Ernest van Wijland ( IRIF, Université Paris-Cité )

Among clustering objectives, k-Means is arguably the most well-known. Given a collection of points in a metric space, the goal is to partition them into k clusters, each with an associated center, so as to minimize the sum of squared distances of points to their cluster centers.
In this seminar, we go over our recent work, describing a polynomial-time 5.83-approximation algorithm for k-Means in general metrics.

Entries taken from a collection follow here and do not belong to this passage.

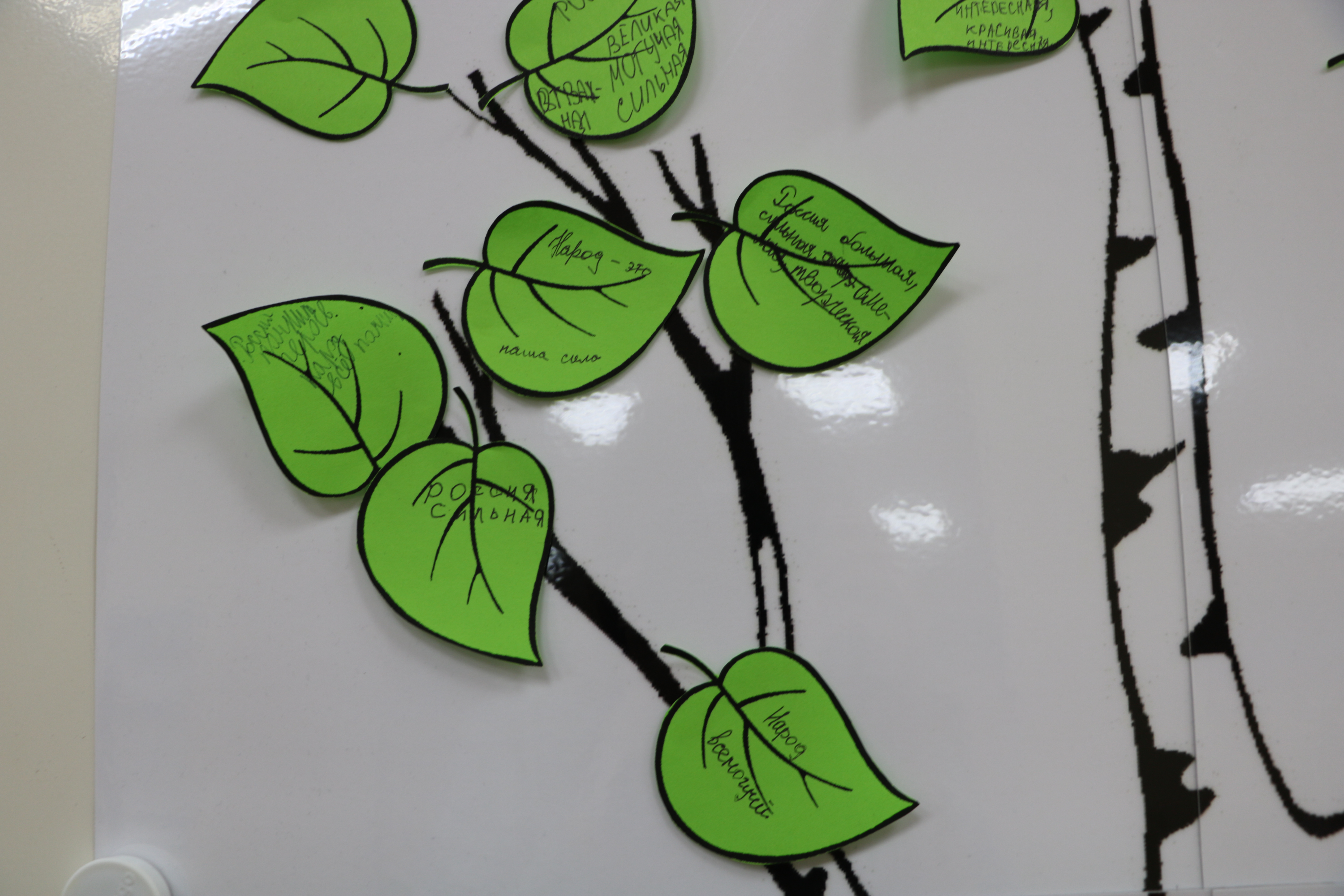 Чем гордится наша страна, чем она богата? Конечно же, главное богатство – это люди, которые в ней живут и искренне любят свою Родину! В конце мероприятия ребята украсили березку листочками с добрыми словами, посвященными России и ее народу.
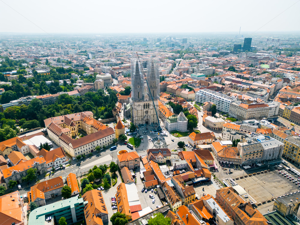 Home » Shop » photo » Aerial drone view of Zagreb, Croatia. Historical city centre with multiple old buildings made in national style, Zagreb Cathedral, greenery
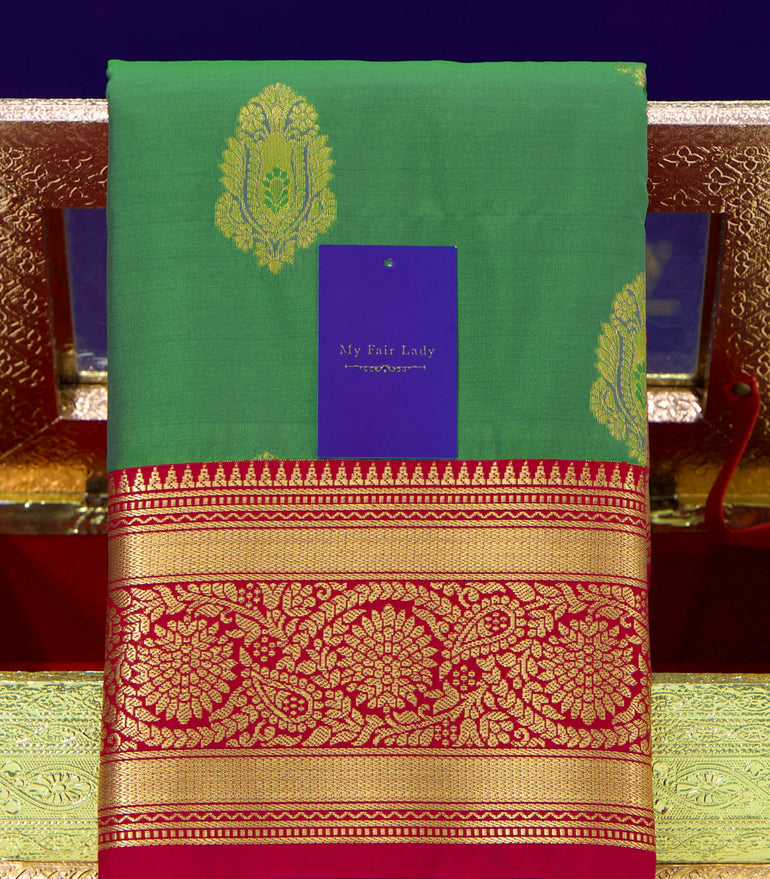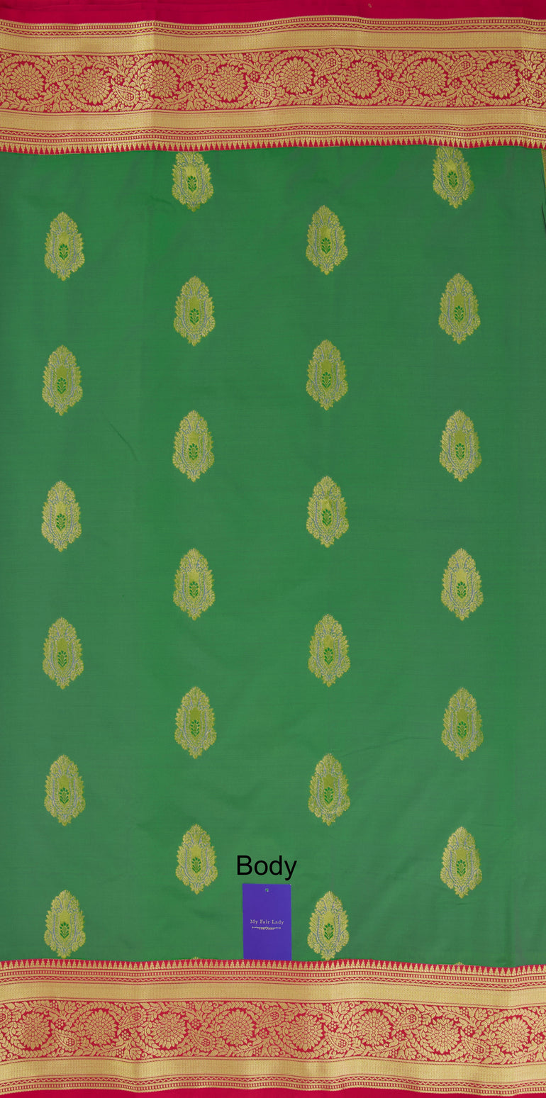 Premium Butta Semi-Silk Saree Green X Crimson Colour - [Code 706]
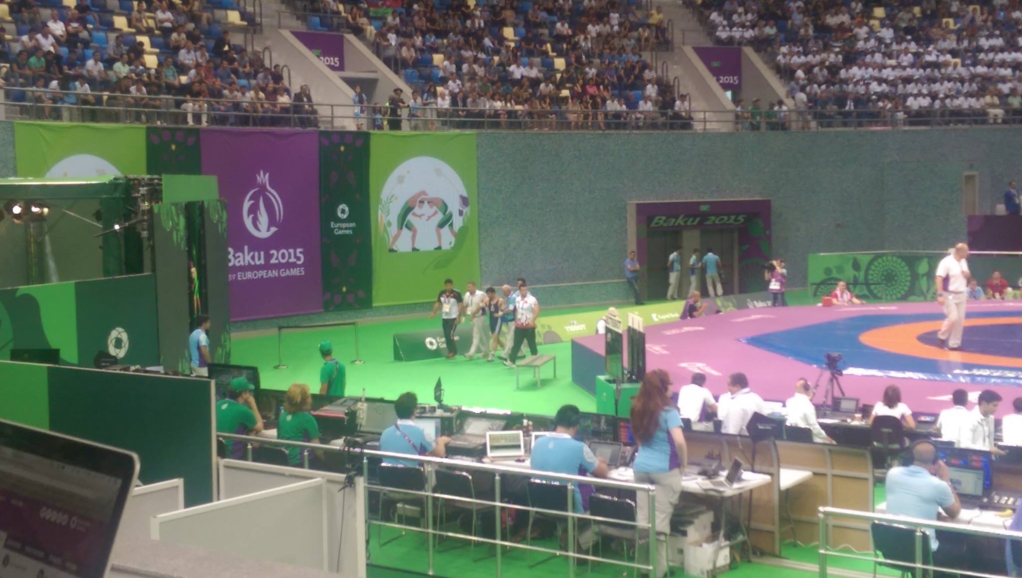 İlk Avropa Oyunları çərçivəsində keçirilən Yunan-Roma güləşində baş tutan döyüşlərin birində gərgin anlar yaşanıb.
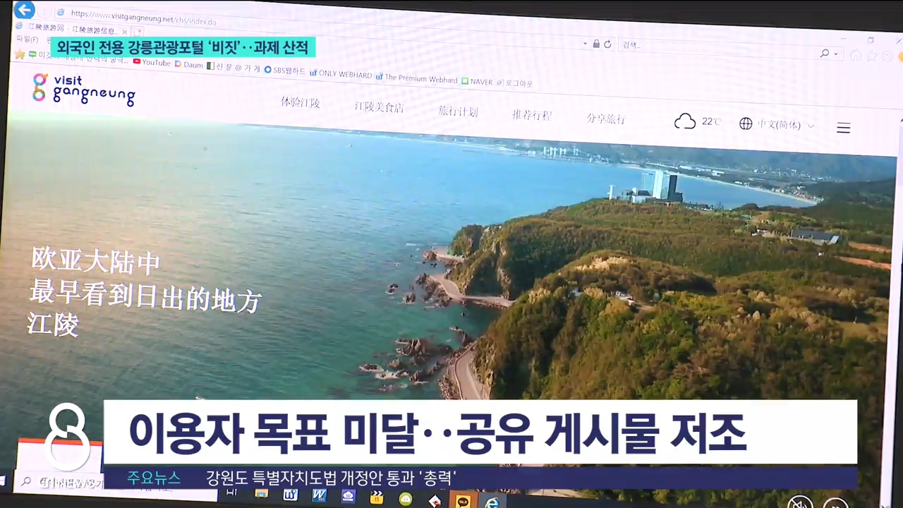 "부족한 콘텐츠라든지 홍보 부분이라든지 이런 걸 좀 보완해서 저희가 이 홈페이지가 외국인 전용 특성화 된 홈페이지기 때문에 외국 관광객 대상으로 해서 강릉 관광에 좋은 정보를 제공할 수 있는 홈페이지가 될 수 있도록 저희가 노력을 많이 하겠습니다."
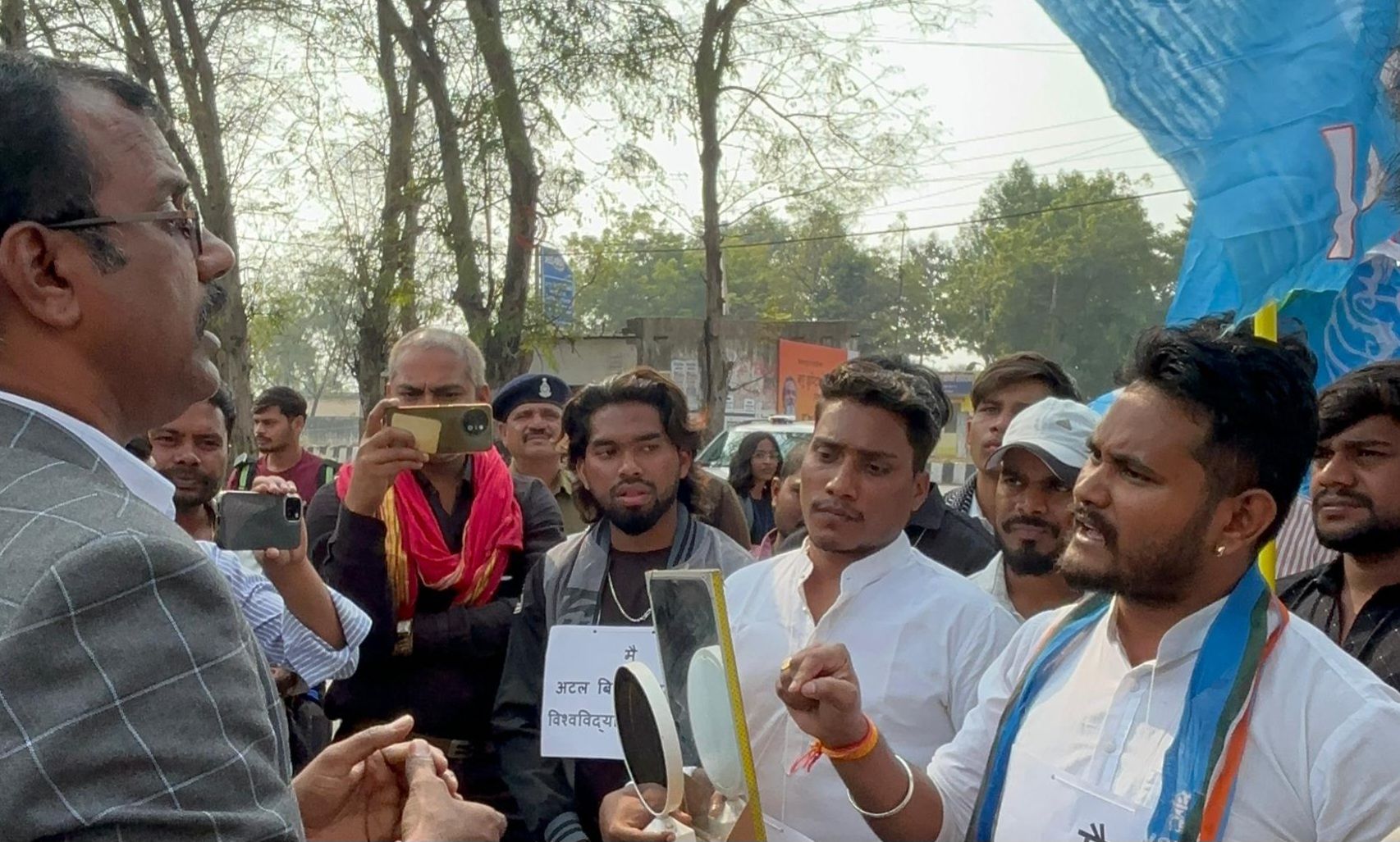अटल विश्वविद्यालय में गूंजा छात्र आक्रोश….. एनएसयूआई ने बाजे–गाजे के साथ खोला अनियमितता का काला चिट्ठा… 48 घंटे की निविदा, पहले से लगा डोम… एनएसयूआई का आरोप—‘यह टेंडर नहीं, सेटिंग का खेल…..
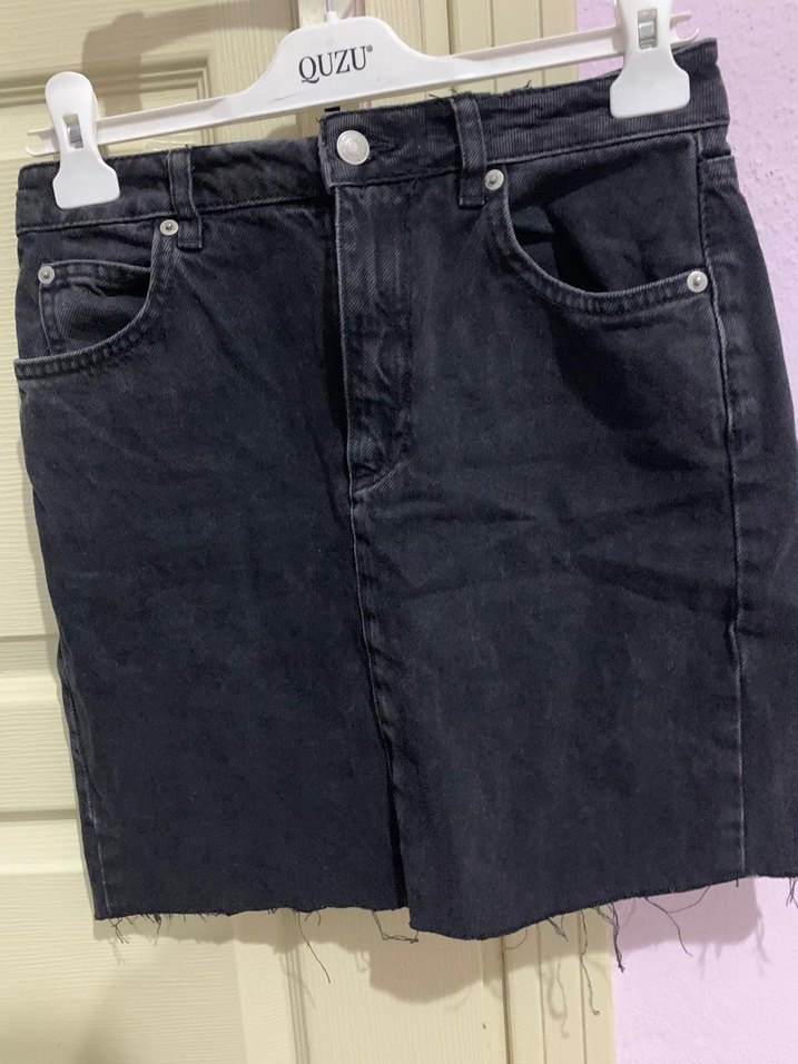 QUZU markalı, siyah, fitted kesim denim mini etek, normal boyda ve bitmemiş kenar detaylıdır, gündelik rahat ve şık bir tarz sunar.

A natural approach for k-Means is to leverage Lagrangian Multiplier Preserving (LMP) approximations for the facility location problem.
The previous best results for k-Means build upon an adaptation of an LMP 3-approximation for facility location with metric connection costs in [Jain, Vazirani - J.ACM'01] based on a primal-dual method, rather than on the improved LMP greedy 2-approximation for the same problem in [Jain, Mahdian, Markakis, Saberi, Vazirani - J.ACM'03]. The barrier to using the improved LMP algorithm was that no adaptation of this algorithm and its analysis to the case of squared metric connection costs was known (since squared distances violate triangle inequality). We show how to overcome this barrier by providing such an adaptation and a way to apply it to k-Means.

This is joint work with Moses Charikar, Vincent Cohen-Addad, Ruiquan Gao, Fabrizio Grandoni and Euiwoong Lee.